:: Records for this task ::
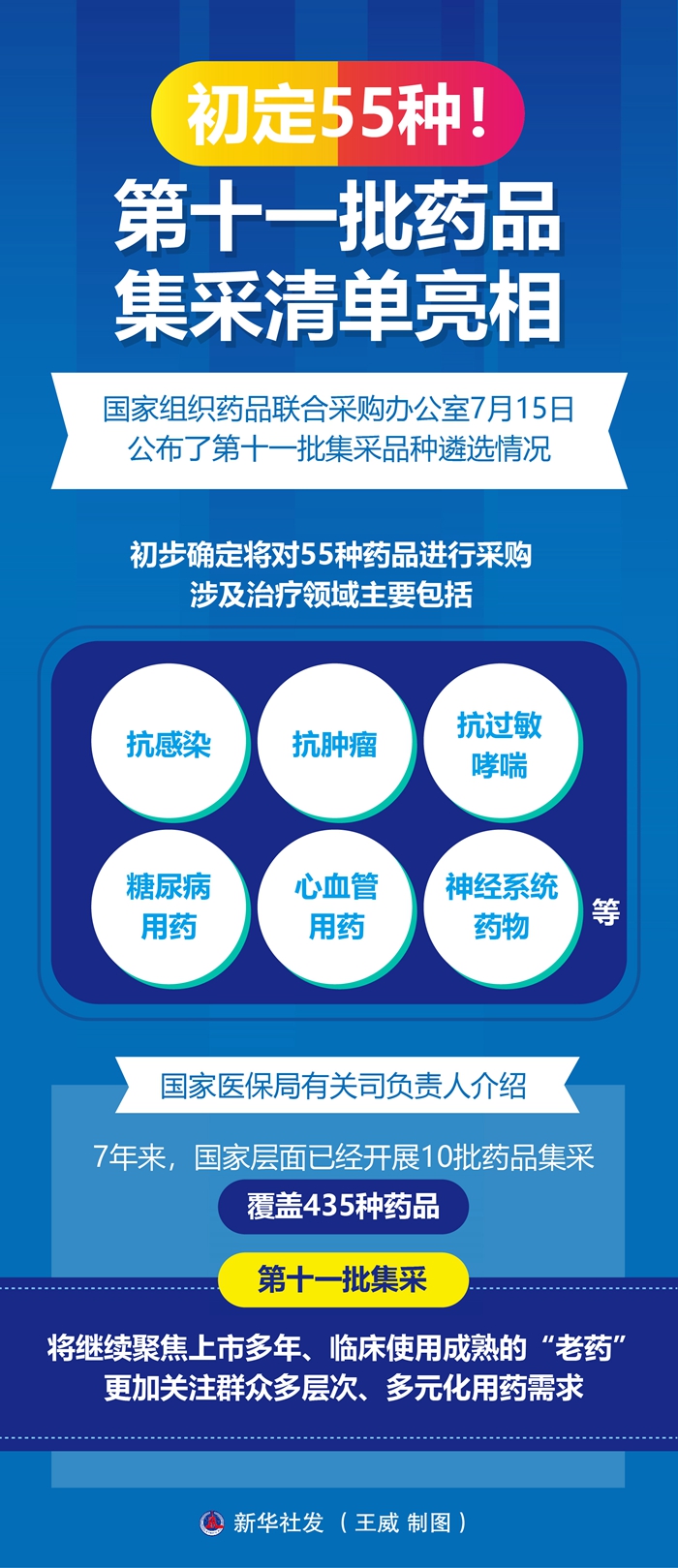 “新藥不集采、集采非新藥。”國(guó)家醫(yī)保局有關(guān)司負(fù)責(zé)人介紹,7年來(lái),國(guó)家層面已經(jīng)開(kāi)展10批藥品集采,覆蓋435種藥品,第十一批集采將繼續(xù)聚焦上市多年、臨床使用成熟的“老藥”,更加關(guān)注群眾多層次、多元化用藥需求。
:::
:: Records for this task ::
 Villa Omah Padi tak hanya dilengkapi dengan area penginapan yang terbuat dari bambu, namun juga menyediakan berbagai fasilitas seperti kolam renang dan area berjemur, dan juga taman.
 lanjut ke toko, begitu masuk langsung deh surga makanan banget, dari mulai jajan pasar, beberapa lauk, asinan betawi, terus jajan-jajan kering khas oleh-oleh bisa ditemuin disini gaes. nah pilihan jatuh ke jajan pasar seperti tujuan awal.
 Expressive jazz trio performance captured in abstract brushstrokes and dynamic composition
:::
:: Records for this task ::
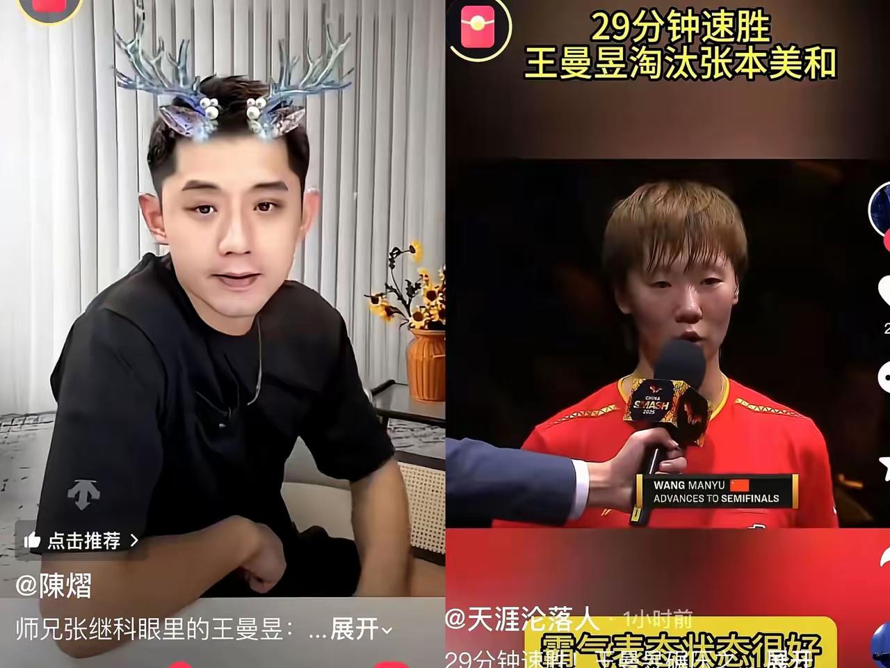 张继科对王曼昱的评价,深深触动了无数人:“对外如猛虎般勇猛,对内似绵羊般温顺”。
:::
The response should be the listing above, limited to the lines between the one holding "Villa Omah Padi" and the one holding "Expressive jazz trio", inclusive, reproduced exactly.

▶ Reply to the exercise:
 Villa Omah Padi tak hanya dilengkapi dengan area penginapan yang terbuat dari bambu, namun juga menyediakan berbagai fasilitas seperti kolam renang dan area berjemur, dan juga taman.
 lanjut ke toko, begitu masuk langsung deh surga makanan banget, dari mulai jajan pasar, beberapa lauk, asinan betawi, terus jajan-jajan kering khas oleh-oleh bisa ditemuin disini gaes. nah pilihan jatuh ke jajan pasar seperti tujuan awal.
 Expressive jazz trio performance captured in abstract brushstrokes and dynamic composition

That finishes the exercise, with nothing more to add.